By ANDREW NELSON, Staff Writer | Published January 17, 2013
ATLANTA—Before the seminary, Bishop-designate David P. Talley was a young social worker, trying to prevent child abuse in housing projects that dotted Atlanta’s Fulton County.
The turmoil faced by families at the crime-filled complexes was “incredibly violent and horrifying and beyond belief,” a reality he confronted with colleagues from the Fulton County Division of Family and Children Services.
Most of the housing complexes where he visited families in crisis in the early 1980s have been razed by the Atlanta Housing Authority because they were seen as neighborhoods with a high concentration of poverty and violence.

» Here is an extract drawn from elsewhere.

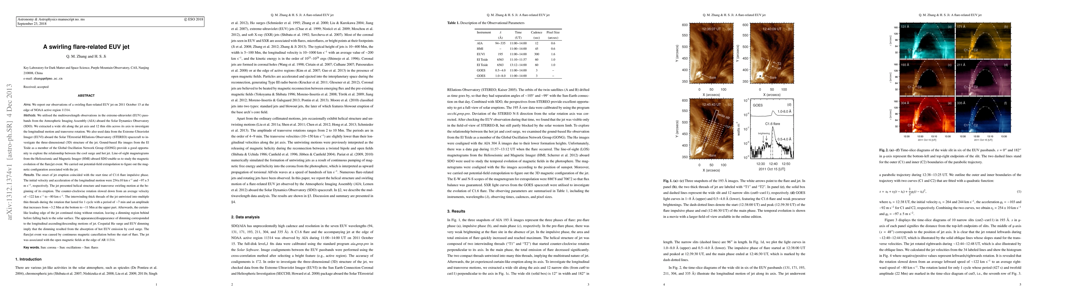 {We report our observations of a swirling flare-related EUV jet on 2011 October 15.} {We utilised the EUV observations from SDO/AIA. We extracted a wide slit along the jet axis and 12 thin slits across its axis to investigate the longitudinal motion and transverse rotation. We also used data from STEREO/EUVI to investigate the 3D structure of the jet. Gound-based H$\alpha$ images provide a good opportunity to explore the relationship between the cool surge and hot jet. LOS magnetograms from SDO/HMI enable us to study the magnetic evolution of the flare/jet event.} {The onset of jet eruption coincided with the start time of C1.6 flare impulsive phase. The initial velocity and acceleration of the longitudinal motion were 254$\pm10$ km s$^{-1}$ and $-97\pm5$ m s$^{-2}$, respectively. The jet presented helical structure and transverse swirling motion at the beginning of its eruption. The counter-clockwise rotation slowed down from an average velocity of $\sim$122 km s$^{-1}$ to $\sim$80 km s$^{-1}$. The interwinding thick threads of the jet untwisted into multiple thin threads during the rotation that lasted for 1 cycle with a period of $\sim$7 min and an amplitude that increases from $\sim$3.2 Mm at the bottom to $\sim$11 Mm at the upper part. Afterwards, the curtain-like leading edge of the jet continued rising without rotation, leaving a dimming region behind before falling back to the solar surface. The appearance/disappearance of dimming corresponded to the longitudinal ascending/descending motions of jet. Cospatial H$\alpha$ surge and EUV dimming imply that the dimming resulted from the absorption of hot EUV emission by cool surge. The flare/jet event was caused by continuous magnetic cancellation before the start of flare. The jet was associated with the open magnetic fields at the edge of AR 11314.}

In that turmoil, the future Catholic bishop, who holds a master’s degree in clinical social work, said he found “salvific” strengths among his black colleagues that expanded his heart.

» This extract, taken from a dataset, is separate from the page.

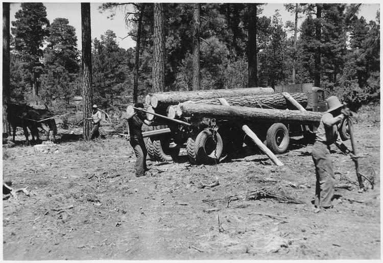 Keywords: Navajo crew loading logs for Navajo sawmill. Truck owned by Navajo contractor. - NARA - 295198.tif Scope and content General notes 295198 Local identifier Department of the Interior Bureau of Indian Affairs Phoenix Area Office Forestry and Grazing Division ca 1950 - NARA's Pacific Region Riverside NRHAR 23123 Cajalco Rd Perris CA 92570 Record group Record Group 75 Records of the Bureau of Indian Affairs 1793 - 1999 Record group ARC 404 Central Classified Files compiled 1927 - 1952 Series ARC 295178 File unit 339 3 Annual Forestry Report FY 1939 1939 - 1939 File unit ARC 295197 Variant control numbers NAIL Control Number NRHL-75-PAOFGDCCF-339NAV-GOF01<br /> Other Identifier CCF Box 180 File 339 3 Navajo yes Other versions <gallery> File Navajo_crew_loading_logs_for_Navajo_sawmill _Truck_owned_by_Navajo_contractor _-_NARA_-_295198 tif tif File Navajo_crew_loading_logs_for_Navajo_sawmill _Truck_owned_by_Navajo_contractor _-_NARA_-_295198 jpg jpg </gallery> NARA-cooperation PD-USGov NARA TIF images with categorized JPGs |

“They allowed me to experience and become a visitor in a whole new world. We loved each other and were bonded by the difficult work we did together … and this allowed us to get to a place that was beyond the stereotypes of race and class,” he said in an email.
For Bishop-designate Talley, the road from social work to priesthood was not too much of a leap.
He looks back at his work as “faith in action” and as striving to be an “instrument of healing and justice and reconciliation.” For him, it was an opportunity to follow the strong words of St. James: “Be doers of the word and not hearers only, deluding yourself.”